▶ _Prompt_
Return verbatim the lines that run from the one holding "5月12日,在呼和浩特市伊利" to the end of the listing, both ends included, without the pictures.

▶ _Input data_
========

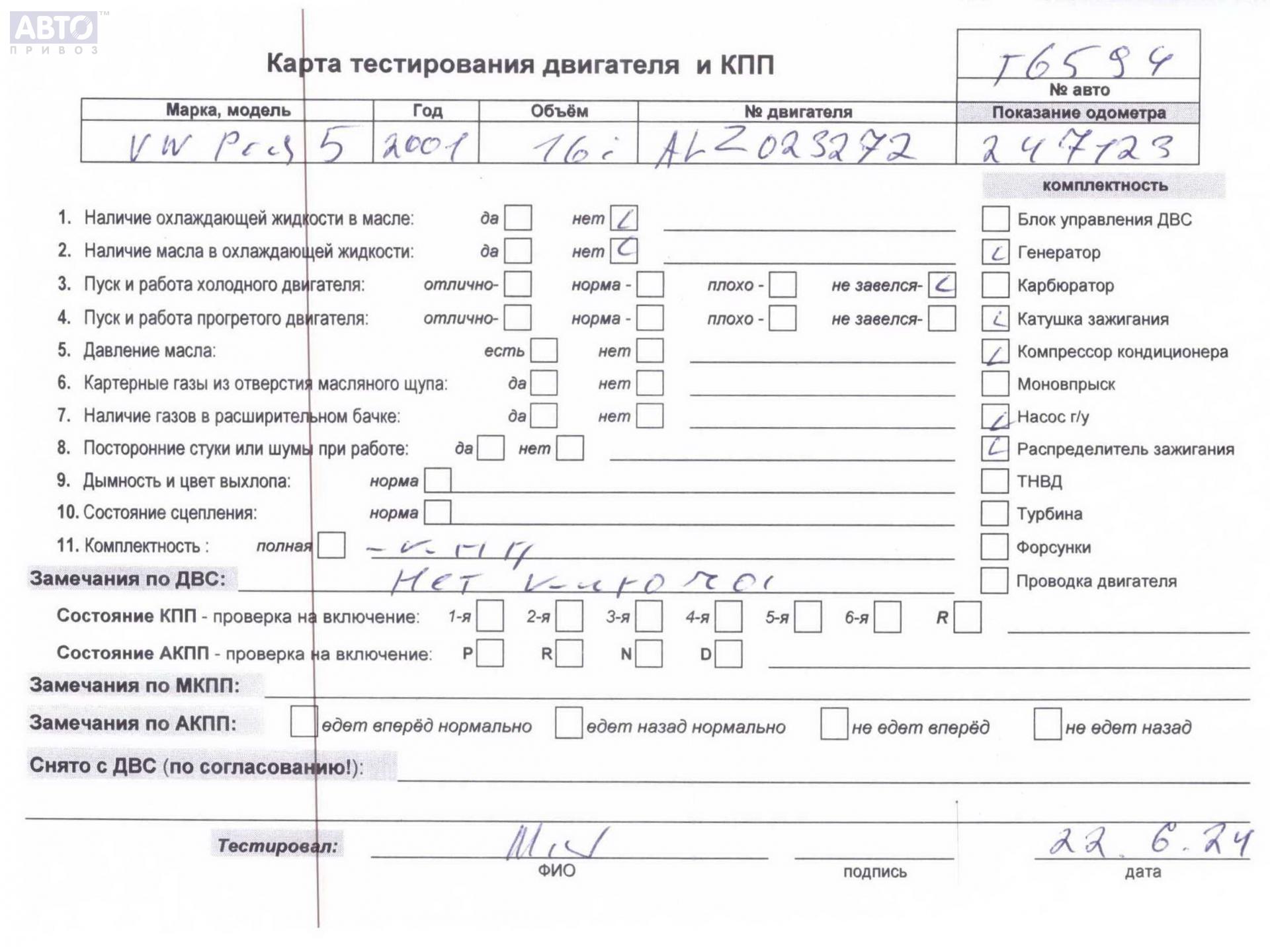 | Марка / Модель / Год: | Volkswagen Passat B5+ (GP) 2001 |
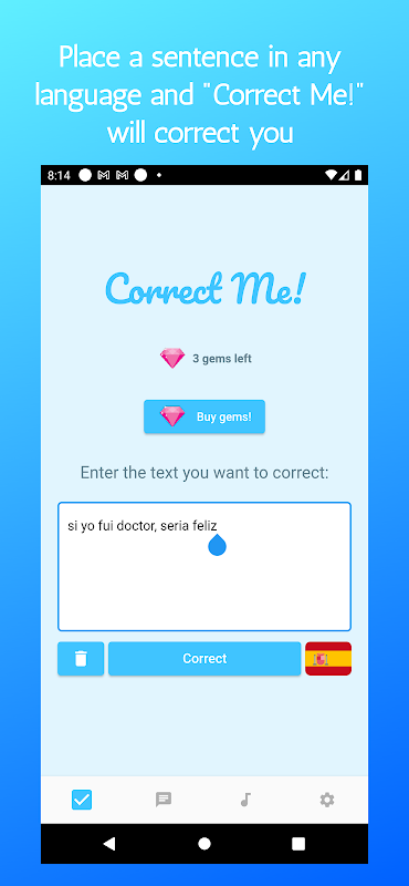 Correct me! is an app that corrects every sentence you put in any language and explains the error to you in your native language so you can learn and improve your language learning!
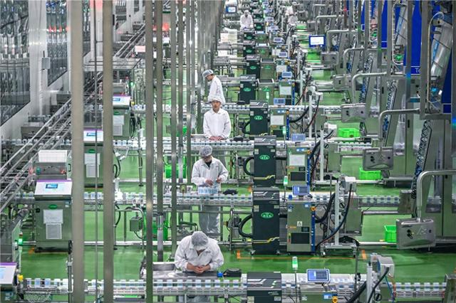 5月12日,在呼和浩特市伊利现代智慧健康谷液态奶全球智造标杆基地,工人在自动化生产线上检查液奶成品。随着国家出台一系列支持经济稳增长、提振内需的政策,奶业消费市场持续增长,为满足市场需求,内蒙古奶企正在开足马力加快生产。2025年一季度,伊利集团实现营业总收入330.18亿元,同比2024年第一季度增长1.35%,业绩企稳向好。
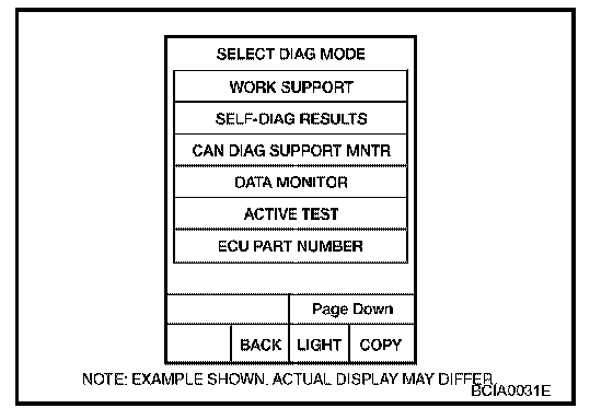 4. Touch "BCM" on "SELECT TEST ITEM" screen.

========

▶ _Task output_
 5月12日,在呼和浩特市伊利现代智慧健康谷液态奶全球智造标杆基地,工人在自动化生产线上检查液奶成品。随着国家出台一系列支持经济稳增长、提振内需的政策,奶业消费市场持续增长,为满足市场需求,内蒙古奶企正在开足马力加快生产。2025年一季度,伊利集团实现营业总收入330.18亿元,同比2024年第一季度增长1.35%,业绩企稳向好。
 4. Touch "BCM" on "SELECT TEST ITEM" screen.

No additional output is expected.